I tried to do a tissue fitting Monday night and gave up in frustration, which was what prompted me to write the Tissue Fitting is Dead to Me post. Next, I cut out the front and back in cheap broadcloth, sewed the darts and seamed the sides together. Then, I needed to think about the waistband. Colette has a tutorial for making a waistband for Meringue which involves slashing the pattern near the top, adding seam allowances to both pieces and then sewing the top piece as the waistband. I like this idea, but I decided that I wanted the skirt to sit higher on my waist and I didn't want to show more leg. So, I decided to try Gertie's method of making a waistband (tutorial here, but I used the method from her new book which is slightly different). In her book, Gertie says that the waistband pattern can be used with any skirt type, so I thought it would work for my skirt. I sewed the waistband and attached it to my skirt and tried on the skirt.

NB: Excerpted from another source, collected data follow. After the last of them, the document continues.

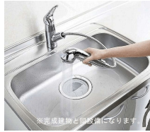
※完成建物と同設備になります。
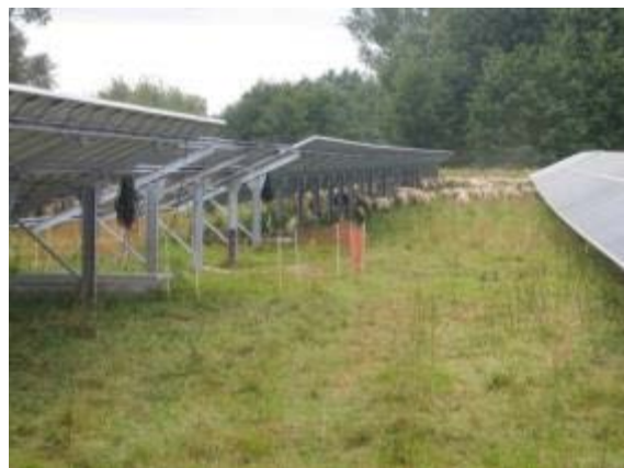
Abbildung 18: Bereiche mit freihängenden Kabeln sind auszuzäunen.

Für schlecht verlegte Kabel kann der Schäfer nicht zuständig und verantwortlich sein. Vor Beginn der Beweidung und während der täglichen Tierkontrollen muss er aber zwingend die ganze Anlage entsprechend kontrollieren und bei Bedarf den Betreiber auf Missstände hinweisen.
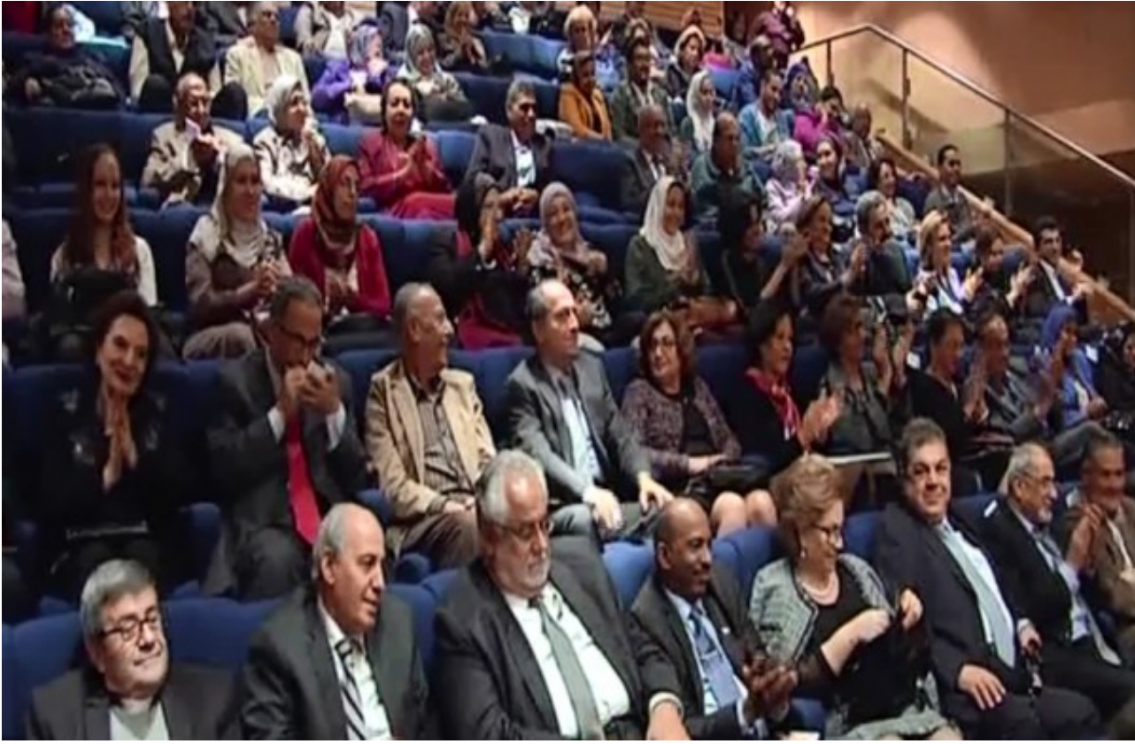
جميع الحقوق محفوظة لدنيا الوطن © 2003 - 2014
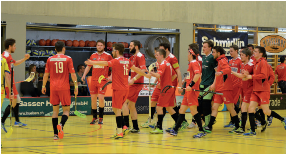
Das Herren 1 bejubelt einen Treffer an den Playoff-Finals gegen Schüpbach
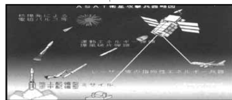
نگاره ۳: سلاح‌های ضدماهواره

روسها تحقیقات بر روی سلاح‌های انرژی مستقیم را از سال ۱۹۷۶ بار دیگر تحت پروژه‌ی Fon از سرگرفت، اما فناوری لازم برای ساخت و تجهیز لیزرهای گازی دینامیکی پر قدرت و سیستم‌های پرتوی ذرات باردار خنثی تا مدت‌ها دور از دسترس دانشمندان روسی بود. در اوایل دهه‌ی ۸۰ روسیه در رقابت با سامانه‌های هوا پرتاب ASAT آمریکا، با استفاده از یک میگ Mig-۳۱ به عنوان سکوی پرتاب، شروع به گسترش موازی برنامه‌های هوا پرتاب کرد. در ۱۹۸۲ ایالات متحده یکی از سامانه‌های هواپرتاب خودش را که تجهیزات هوا پرتاب مینیاتوری (ALMV) نامیده می‌شدند، آزمایش کرد. این سامانه‌ها از یک جت F-۱۵ حامل یک موشک ضدماهواره (۱۵) (ASM) که مستقیماً زیرخط مرکزی هواپیما قرار می‌گرفت- تشکیل می‌شد. جت F-۱۵ مورد نظر که برای این هدف خاص طراحی شده بود می‌توانست موشک را به باتری ذخیره، میکرو پردازشگر جت و ارتباط اطلاعاتی با سیستم هدایت میان مرحله‌ی مجهز کند. نخستین پرتاب یک موشک ضدماهواره در ژانویه ۱۹۸۴ انجام شد. این موشک قرار بود از یک نقطه مجازی در فضا عبور کند. در پرتابی دیگر در همان سال سه موشک ضد ماهواره‌ی آمریکایی با هدف اصابت به سه منبع مادون قرمز در اتمسفر شلیک شدند. به دنبال این آزمایش‌های موشکی، ایالات متحده سرانجام در سال ۱۹۸۵ یکی از ماهواره‌های آمریکایی را با موشک منهدم کرد.
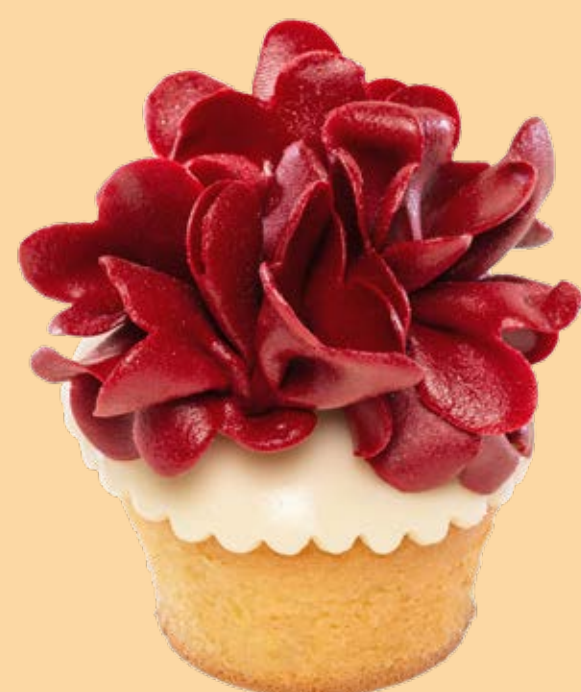
Muffin decorato MF006
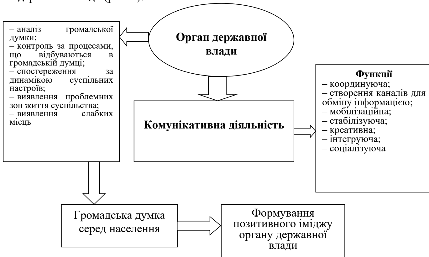
Рис. 2. Напрями вдосконалення комунікативної діяльності органу державної влади (удосконалено авторкою)

Запропоновано напрями вдосконалення комунікативної діяльності органу державної влади (рис. 2).
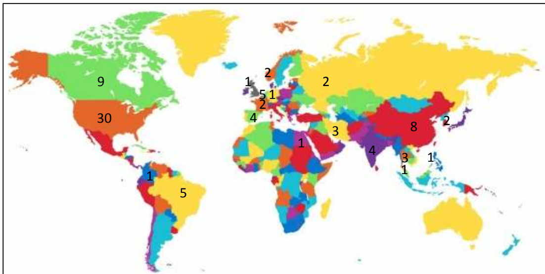
Mapa 1. Distribución geográfica de los ensayos clínicos revisados

de los cuales 4 son españoles y 2 son del IOBA, en los que se han utilizado células madre de médula ósea.
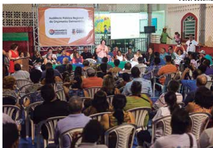
A audiência contou com a participação de mais de 200 pessoas

importância deste novo instrumento de trabalho com a população. “Através do Orçamento Democrático Municipal, a população diz quais são as prioridades da sua região. Através destas informações, é criado um canal de contato direto da gestão com o povo, o orçamento nada mais é que um instrumento de democracia que abre espaço para o povo falar e construir junto com a gestão”, disse.
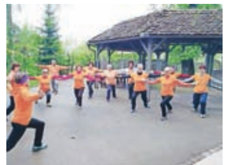
Jutranje razgibavanje članov Šole zdravja

Dan se članom Društva Šola zdravja začne v dobri družbi, živahno, veselo, nasmejana ... Vsako jutro (razen ob nedeljah in praznikih) se dobimo na dvorišču gostilne Majč, poklepetamo, se informiramo o prihajajočih dogodkih, razgibamo od glave do pete in polni sveže energije zakorakamo v nov dan. Verjetno je že kdo pomislil, le kdo razen upokojencev lahko hodi ob 7.30 na telovadbo. Jutranjih vadb se večinoma res udeležujemo upokojenci, nekateri pa pridejo pred službo ali ko imajo službo v popoldanski izmeni. Lahko se nam pridružite tudi samo ob sobotah in spoznali boste dokaj enostavne in zelo učinkovite vaje, ki jih boste
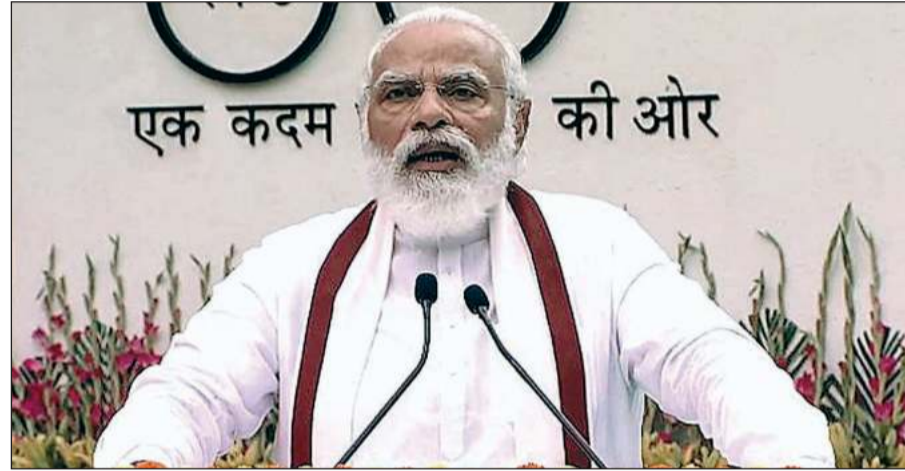
एक कदम की ओर

राजधानी में राजघाट के समीप आज राष्ट्रीय स्वच्छता केंद्र का लोकार्पण करने के बाद प्रधानमंत्री ने कहा कि कोरोना महामारी से लड़ने में साफ सफाई की प्रवृत्ति ने महत्वपूर्ण भूमिका निभायी है। कोरोना के खिलाफ लड़ाई में देश को मिली सफलता में स्वच्छ भारत अभियान का बड़ा योगदान रहा है। उन्होंने देशवासियों का आह्वान करते हुए कहा, आज से 15 अगस्त तक यानि स्वतंत्रता दिवस तक देश में एक सप्ताह लंबा अभियान चलाए। स्वराज के सम्मान का सप्ताह यानि 'गंदगी
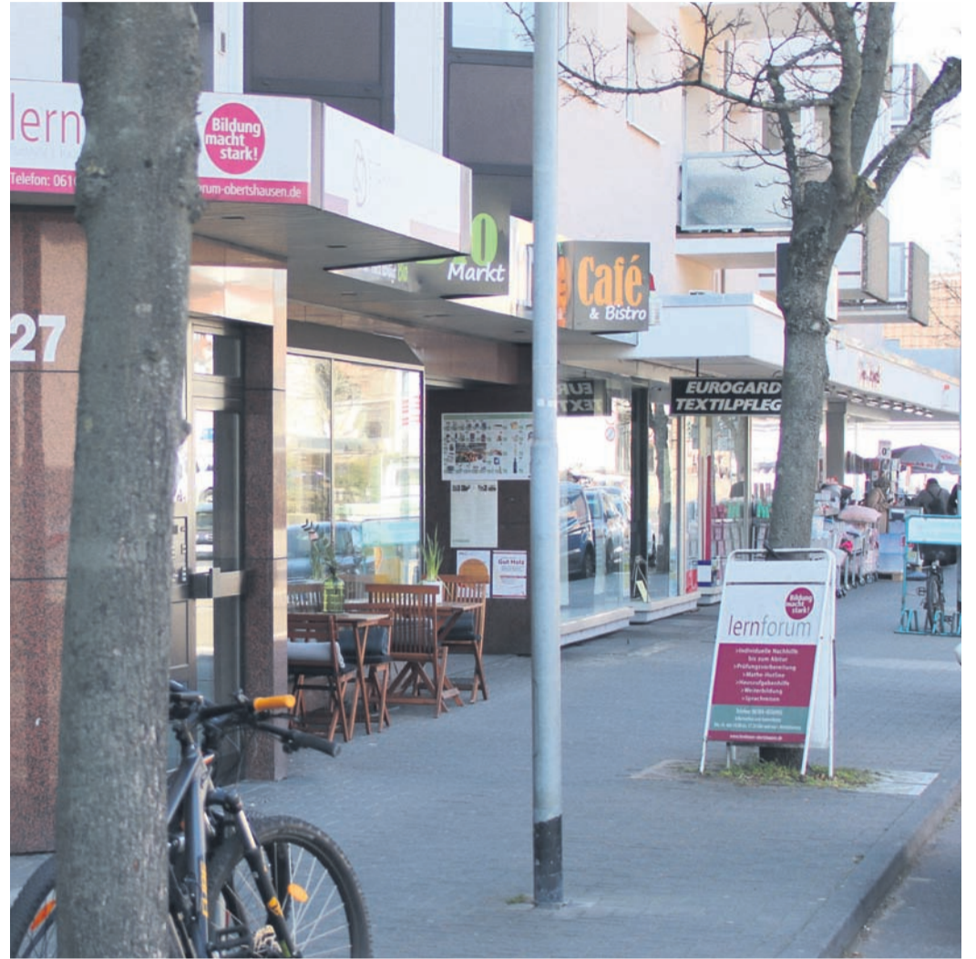
Was wünscht sich die Obertshausener Bevölkerung für eine attraktive Innenstadt?
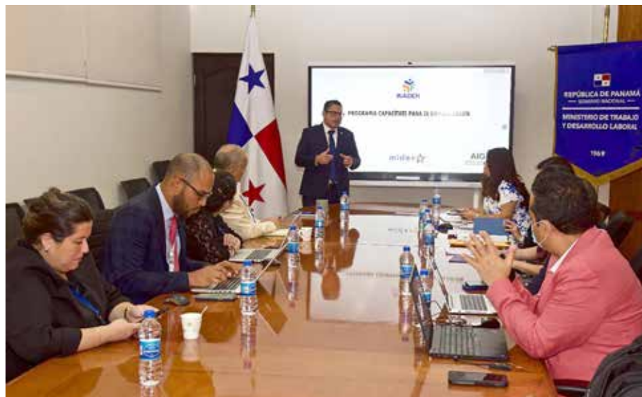
380 residentes de la provincia de Colón son capacitados actualmente.
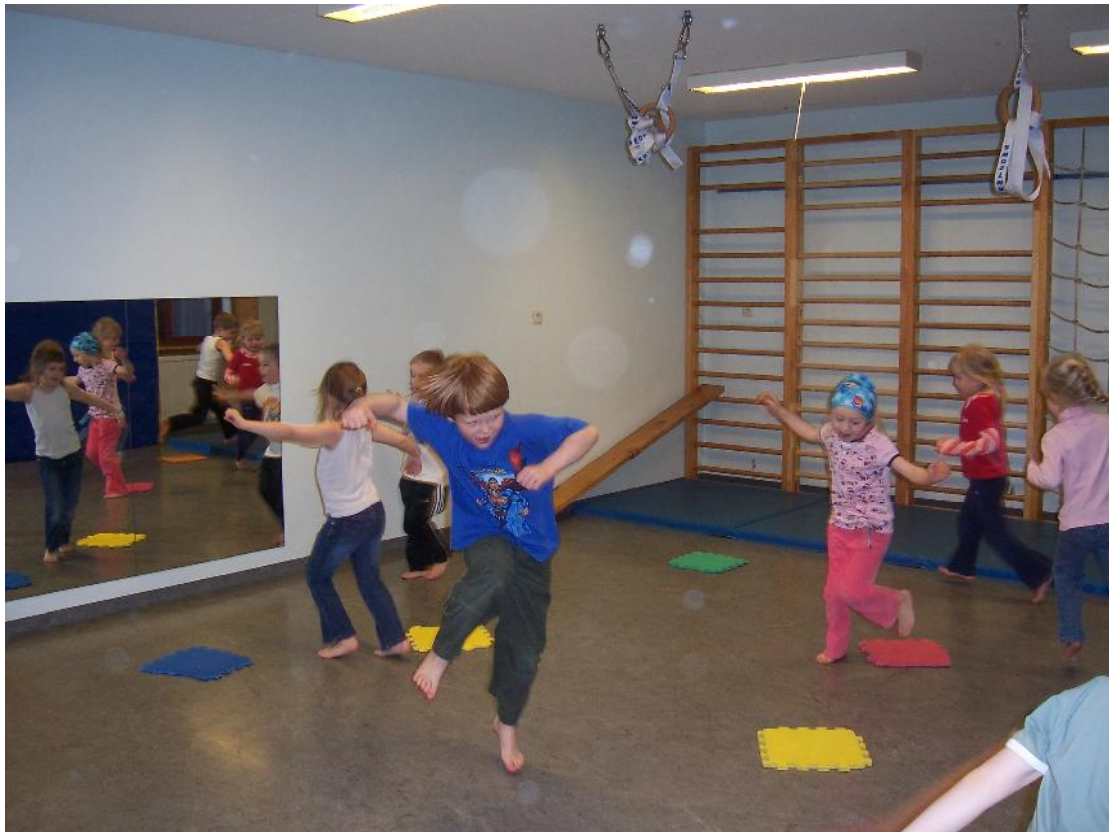
Hreyfistund í sal
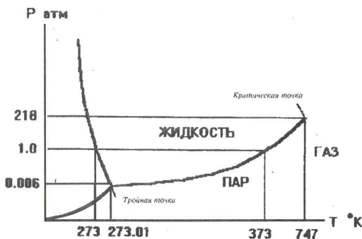
Рис. Фазовая диаграмма для воды (шкалы нелинейны)

Вулканическая деятельность на Марсе (движение тектонических плит) прекратилась пару сот миллионов лет тому назад, что и привело к деградации планеты. Однако около миллиарда лет тому назад тектоническая и вулканическая деятельность была еще активной, что способствовало нагреванию поверхности и обмену веществ между недрами и атмосферой, ее уплотнению и образованию гидросферы. О бурной деятельности вулканов в прошлом говорят застывшие лавовые потоки вокруг них (самый большой, Олимп, имеет диаметр в основании 600 км и высоту 25 км). Вулканическая деятельность на Марсе носила постоянный характер до ее прекращения 200 миллионов лет назад (для Земли это верно и по сей день). Если учесть количество воды, потерянное Марсом и находящееся в шапках, грунте и атмосфере делаем предположение, что на поверхности существовали моря, а в существовании русел, по которым текли реки, сейчас никто не сомневается.
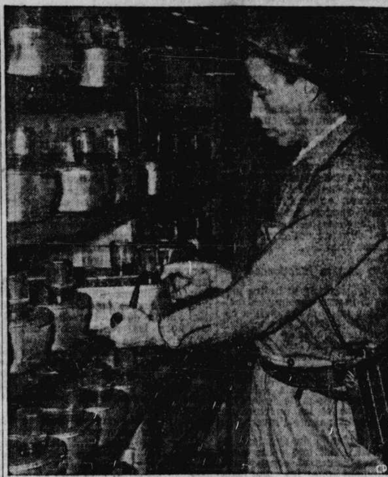
Ces rangées de petites cages à tiroirs servent à loger 500 souris blanches, à 2,000 pieds sous terre, dans la mine McIntyre-Porcupine, près de Timmins, en Ontario. Elles aident à déterminer si les rayons cosmiques ont vraiment quelque influence sur le développement des tumeurs cancéreuses. La science moderne pense en effet que ces rayons, provenant de la voûte céleste, n'ont guère d'influence dans les profondeurs du sol. Pour contrôler cette opinion, on a placé un groupe semblable de ces petits animaux dans un laboratoire de Toronto où ils sont exposés aux radiations solaires normales.
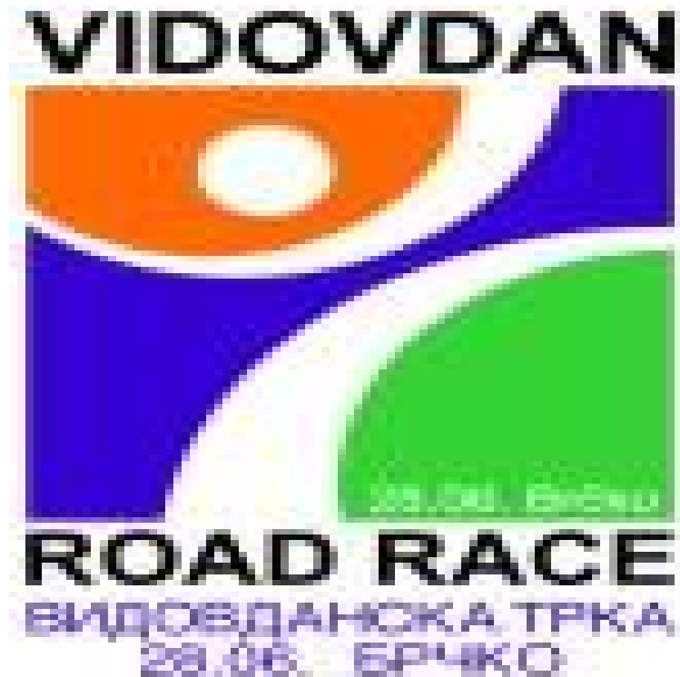
Zvanični logo Vidovdanske trke

Želja mi je da u ovom seminarском radu predstavim jednu masovnu atletsку sportsku manifestaciju koja se svake godine 28. juna održava u Bosni i Hercegovini u gradu Brčko, a koja se zove Vidovdanska trka ili Vidovdan Road Race, (atletska trka na 10 km na cesti) pozitivne implikacije koje ona stvara prema gradu, njegovoj promociji, prema građanima i prema procesu pomirenja u BiH i posebno implikacije sa stanovišta posleratne resocijalizacije mladih kroz sport u sredini koja je bila devastirana međunacionalnim sukobom, a koja je, daleko brže od drugih sličnih destinacija doživjela oporavak.
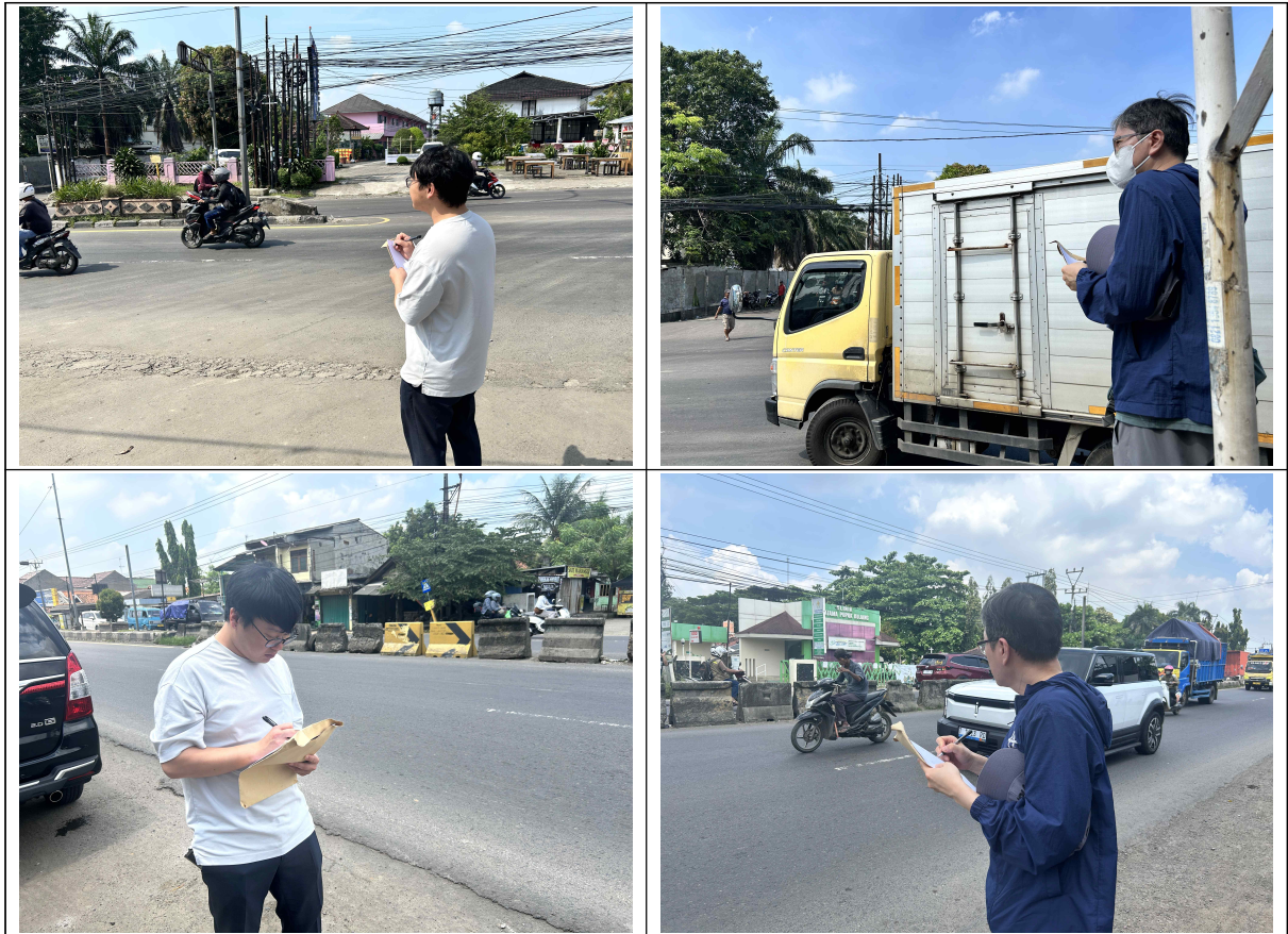
<그림> 시범사업 구간의 교통량 및 속도 조사
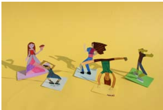
Mija, Neja, Žiga in Maruša, 5. a
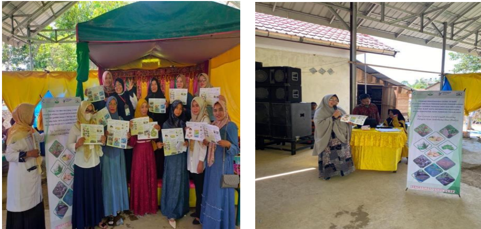
Gambar 1. Edukasi/penyuluhan Pencegahan COVID-19 Dan Stunting

dapat terpenuhi. Manfaat lain yang diperoleh dari kegiatan ini adalah berkurangnya pengeluaran sekaligus penambahan pendapatan keluarga jika hasil yang diperoleh telah melebihi kebutuhan pangan keluarga. Berkebun di lahan pekarangan memiliki peran penting dalam menjamin ketahanan pangan dan gizi selama pandemi Covid-19. Dengan berkebun di rumah, dapat memperkuat penyediaan berbagai jasa ekosistem, seperti keanekaragaman hayati tumbuhan, iklim mikro, limpasan air, kualitas air, dan kesehatan manusia (Swardana 2020)
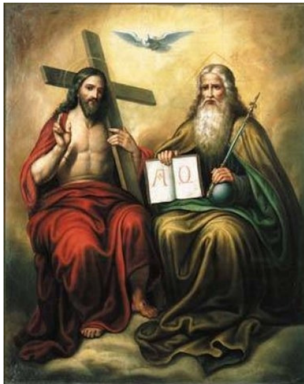
8. kép Szentháromság

A magyar népi hitvilágban is fontos szám a hármasság, a hetes és a kilences mellett. A hármasság szám valamely mágikus folyamat elvégzésekor jelentős. Ilyen a népmesékben a három fiú, vagy a három próbatétel, amit teljesíteni kell. A három napszakhoz köthető szertartások is kapcsolódnak hozzá. Szerencse vagy szerencsétlenség elkerülése miatt sokszor megismételték a tevékenységet háromszor. 12 És a mondás is úgy tartja, hogy három a magyar igazság.
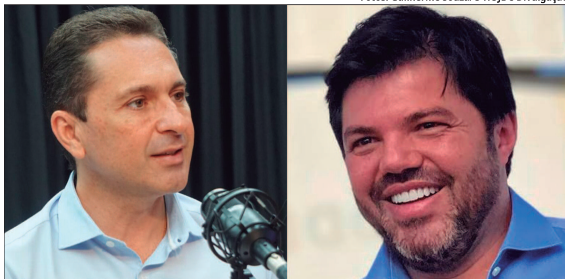
As posses de ambos os prefeitos estão confirmadas para a próxima quarta-feira (1º/1/2025)

Several issues showed up right away:
- The skirt had no ease. I wanted it to be fairly fitted but this was a little over the top. To add ease to the skirt, I think I'm going to make my seam allowances 3/8 inch instead of 5/8 inch. That adds 1/2 inch to the body of each side of the skirt resulting in 1 inch of ease over all. I think this will be plenty because the fabric has some stretch to it.
- The waistband gaped. This is likely due to my swayback. I think this problem may be solved by using a curved waistband. Therefore, I'm going to draft a waistband by closing the darts and tracing the top of each pattern piece, adding two inches in height, adding 5/8 seam allowance to all sides, and adding one inch in length to the front waistband piece so that I can make a tab.
- Fabric pooling just above my butt. This is also a swayback issue, I think, and will hopefully be solved by taking a wedge shaped tuck near my waist in the back.